Date: 09/03/2008 at 22:33:18
From: Sean
Subject: Geometry/ Trisector proof help

Prove that it is impossible to have a triangle in which the trisectors
of an angle also trisect the opposite side.

I am unsure how to prove this. It seems that if i trisect the angles 
of an equilateral triangle so that each of the trisected angles is 
20, it would indeed divide the opposite side into 3 equal pieces.

I have completed geometry, and I have tried several things. I got 
started trying to use exterior angle theorem, but got confused. I 
think that may be a good way to do it, but I dead ended after 
extending two of the sides to create isosceles triangles.
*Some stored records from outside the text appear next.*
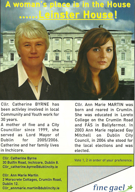 ‘A Woman’s place is in the House .. Leinster House!”-Catherine Byrne, Ann Marie Martin -Fine Gael 2007 Dublin SC » womaninhuse07a
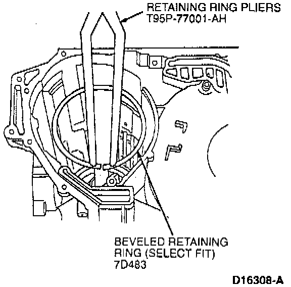Install a new service part beveled retaining ring using Retaining Ring Pliers 307-343 (T95P-77001-AH)R. Carefully tap beveled retaining ring into place. Use care not to damage retaining ring, support or case.
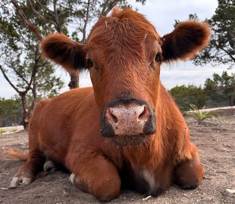 Winnie, a Red Angus at Alveus Sanctuary, streams on Twitch; donations activate her automatic feeder for instant treats.
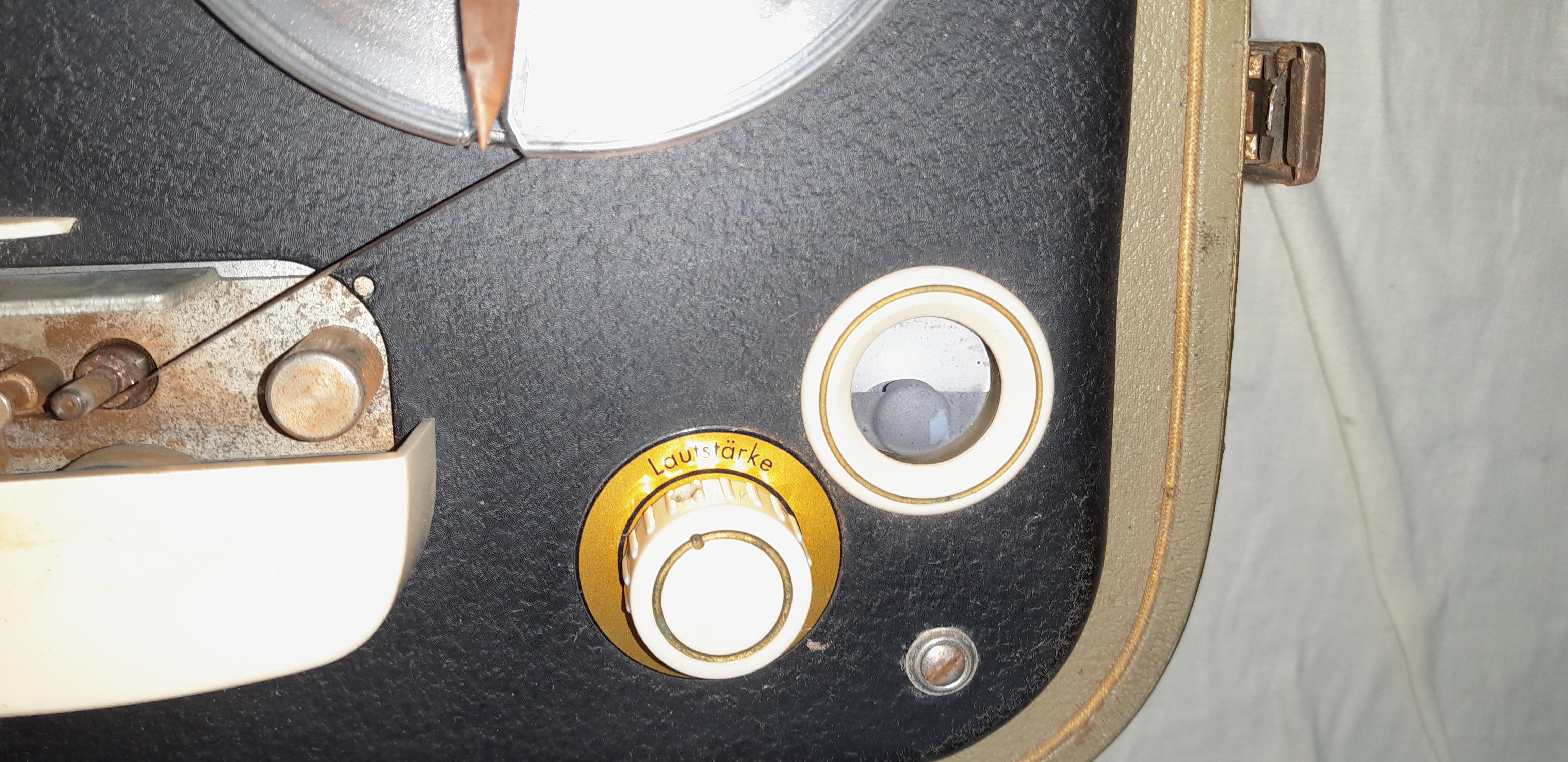 EM71 ist ein „magisches Auge“, eine optische Anzeige für die Aussteuerung des Tonbandsignals.

I think it 
may be all of the criss-crossing lines that is getting me confused.



Date: 09/04/2008 at 12:00:21
From: Doctor Peterson
Subject: Re: Geometry/ Trisector proof help

Hi, Sean.

I don't think I've ever tried proving this, but it's a very nice 
little theorem!

It may seem as if trisecting an angle in an equilateral triangle would
work, but it is not true.

I think I'd approach it by contradiction.  Suppose that you have a 
triangle ABC with trisectors BD and BE, D and E being on AC, and 
further suppose that D and E trisect AC, so that AD = DE = EC:

           B
          /|\
         / | \
        / | | \
       /  | |  \
      /  |   |  \
     /   |   |   \
    /   |     |   \
   /    |     |    \
  A-----D-----E-----C

(The picture is not meant to suggest that ABC is isosceles; it's just 
easiest to "draw" this way.)

Now focus on triangle ABE.  Here BD bisects angle ABE, while D is the 
midpoint of AE; so BD is both an angle bisector and a median.  What 
does that imply?  Repeat with triangle DBC, and look for a 
contradiction.

There may be many other ways to approach this, so if you see any 
ideas of your own while you try this out, go ahead and pursue them!

If you need more help, please write back and show me how far you got.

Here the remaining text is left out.